The electrode plate 3 is made of a copper material, and the resin plate 5 is made of a resin material. By making the hardness of electrode plate 3 higher than the hardness of resin plate 5, resin plate 5 is plastically deformed by convex portion 31 of electrode plate 3, and deformed portion 512 recessed by convex portion 31 is formed on surface 501 of resin plate 5. The deformation portion 512 is formed by plastic deformation into a trace or trace of the depression of the surface 501 of the resin plate 5.
The electrode plate 3 having the projections 31 formed thereon of the present embodiment faces the resin plate 5. The projection 31 can also be provided to any electrode plate 3 of the electric heater 1. Further, although the structure is different from the electric heater 1 of the present embodiment, the convex portion 31 may be provided on the surface of the electrode plate 3 facing the frame 6A.
As shown in fig. 13, the projection contact member 12 may be a heat sink 4, and the projection 31 may be provided on a surface 301 of the electrode plate 3 facing the heat sink 4. In this case, by making the hardness of the electrode plate 3 higher than that of the heat sink 4, the surface 401 of the flat plate 42 of the heat sink 4 is plastically deformed by the convex portions 31 of the electrode plate 3, and a deformed portion recessed by the convex portions 41 is formed on the surface 401 of the flat plate 42 of the heat sink 4.
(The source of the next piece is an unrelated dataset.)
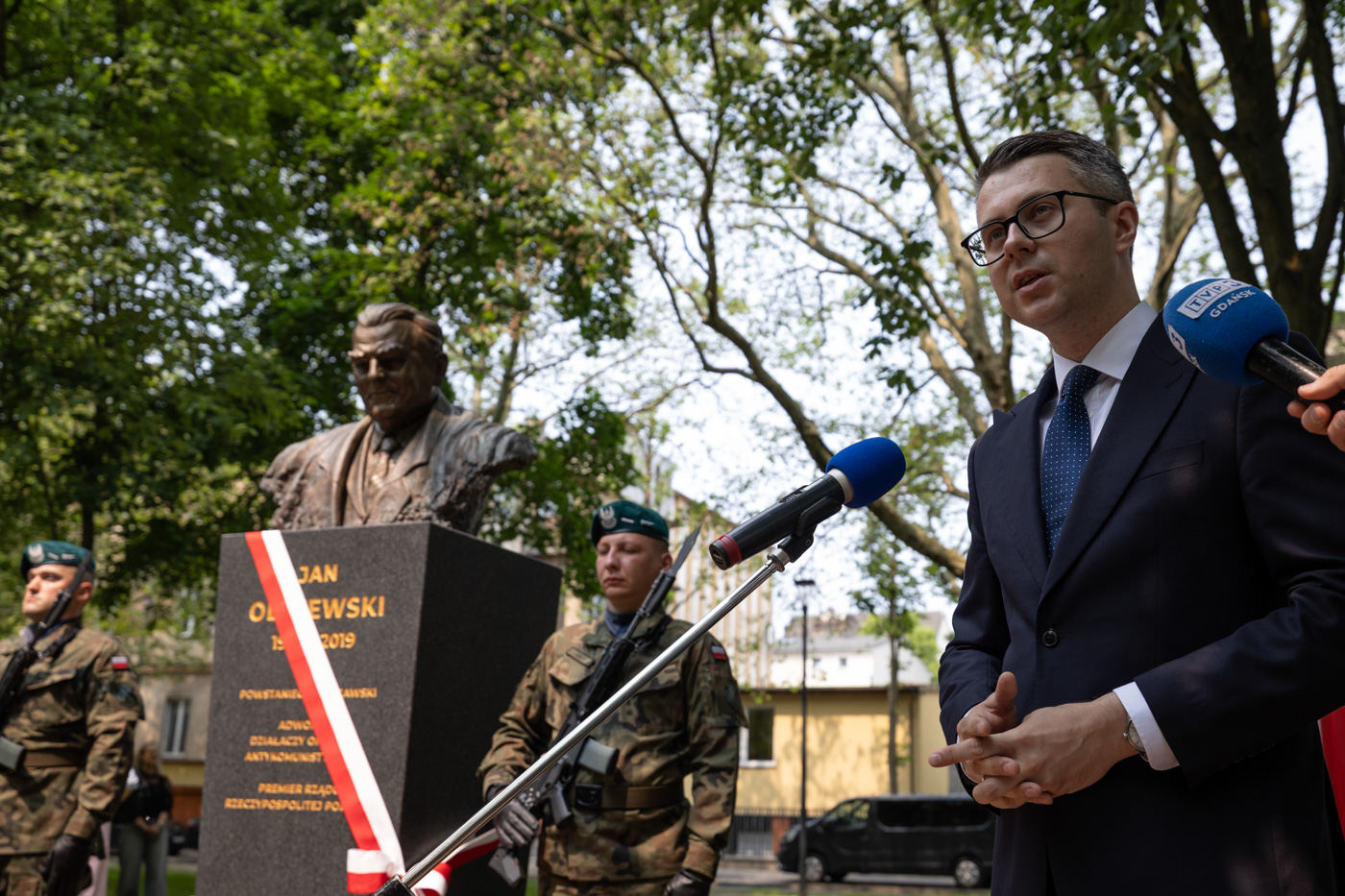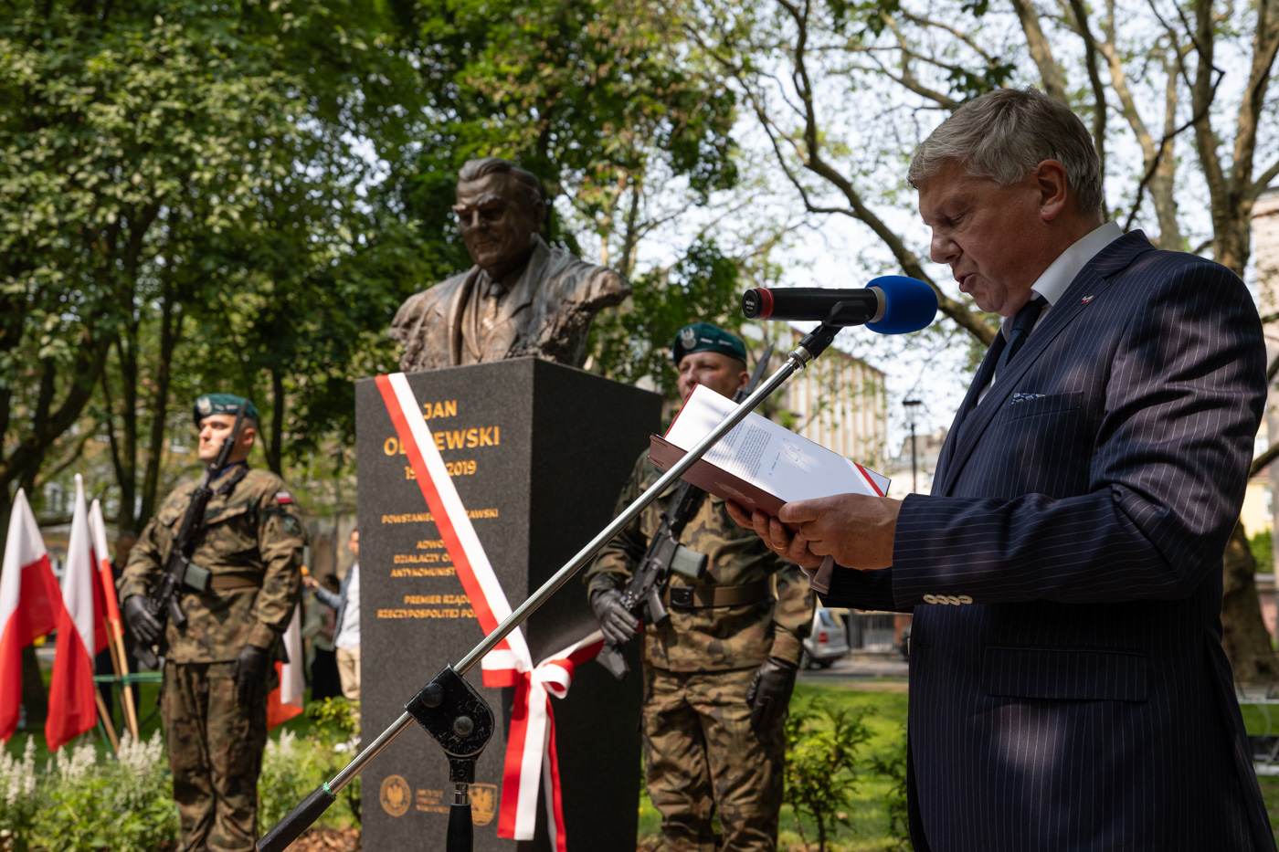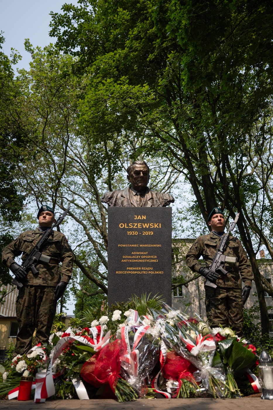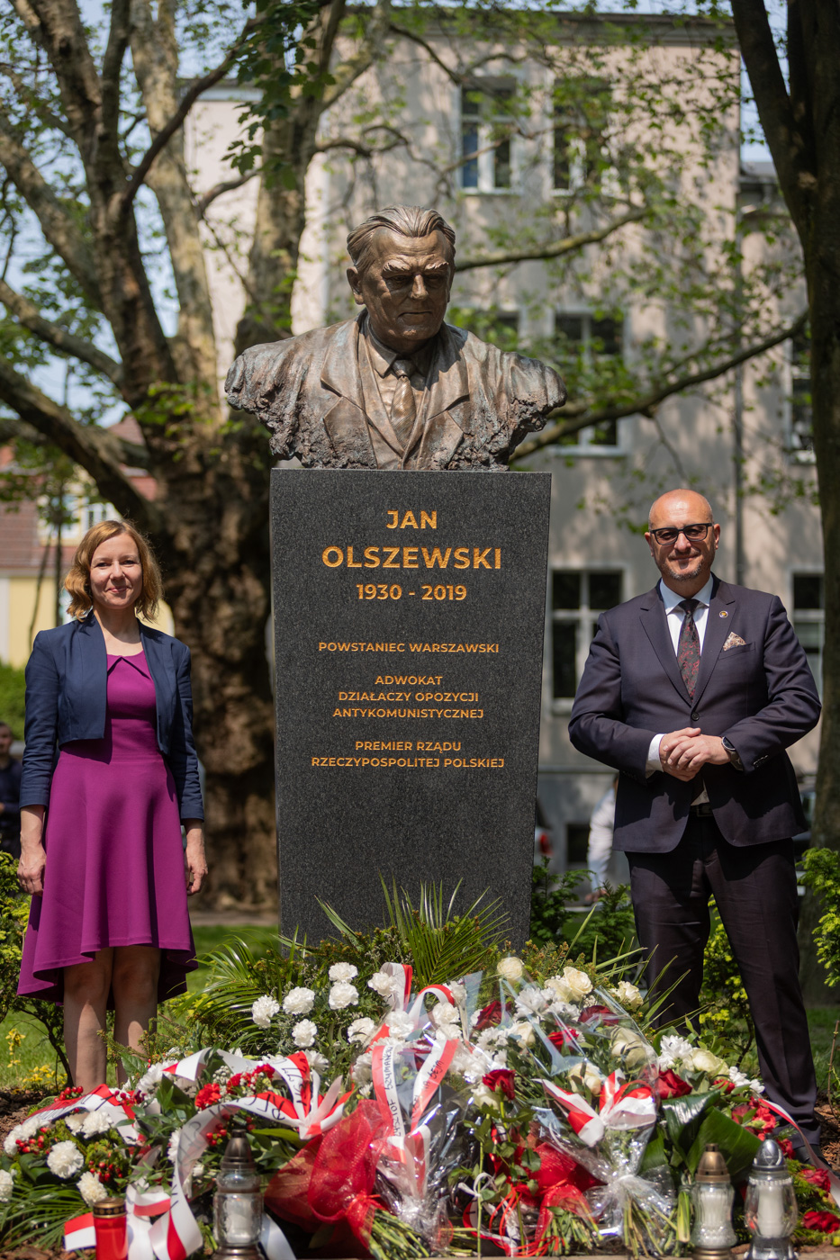 Wśród przemawiających znaleźli się również Piotr Karczewski, Doradca Prezydenta RP, Piotr Muller, Poseł do Parlamentu Europejskiego oraz Krystyna Danilecka-Wojewódzka, Prezydentka Miasta Słupska. Odsłonięcia pomnika dokonali wspólnie Waldemar Szulc, Europoseł Piotr Muller, Prezydentka Miasta Słupska Krystyna Danilecka-Wojewódzka oraz Tadeusz Bobrowski – inicjator wzniesienia upamiętnienia. Pomnik został poświęcony przez kapelana Garnizonu Słupsk, księdza kapitana Arnolda Kulińskiego. Po uroczystym złożeniu wieńców przez delegacje, wydarzenie zwieńczył występ artystyczny z repertuarem pieśni powstańczych. Budowę pomnika współfinansował Instytut Pamięci Narodowej. Uroczystość stanowiła ważny gest pamięci wobec postaci premiera Jana Olszewskiego oraz wartości, które reprezentował.

As shown in fig. 14 and 15, when the laminated body 10 of the present embodiment is pressed by the pressing spring 7, the respective convex portions 31 of the electrode plate 3 contact the resin plate 5, and the respective portions of the resin plate 5 are depressed by the plastic deformation of the respective convex portions 31. At this time, a large amount of the material in the portion of the resin plate 5 where the convex portions 31 contact flows from between the convex portions 31 and the resin plate 5 to the periphery of the convex portions 31.
Here, fig. 14 schematically shows a state before the resin plate 5 is plastically deformed, and fig. 15 schematically shows a state after the resin plate 5 is plastically deformed. Each drawing schematically shows a state where the deformed portion 512 is formed in the resin plate 5 for the sake of explanation, and exaggeratedly shows the convex portion 31 and the deformed portion 512.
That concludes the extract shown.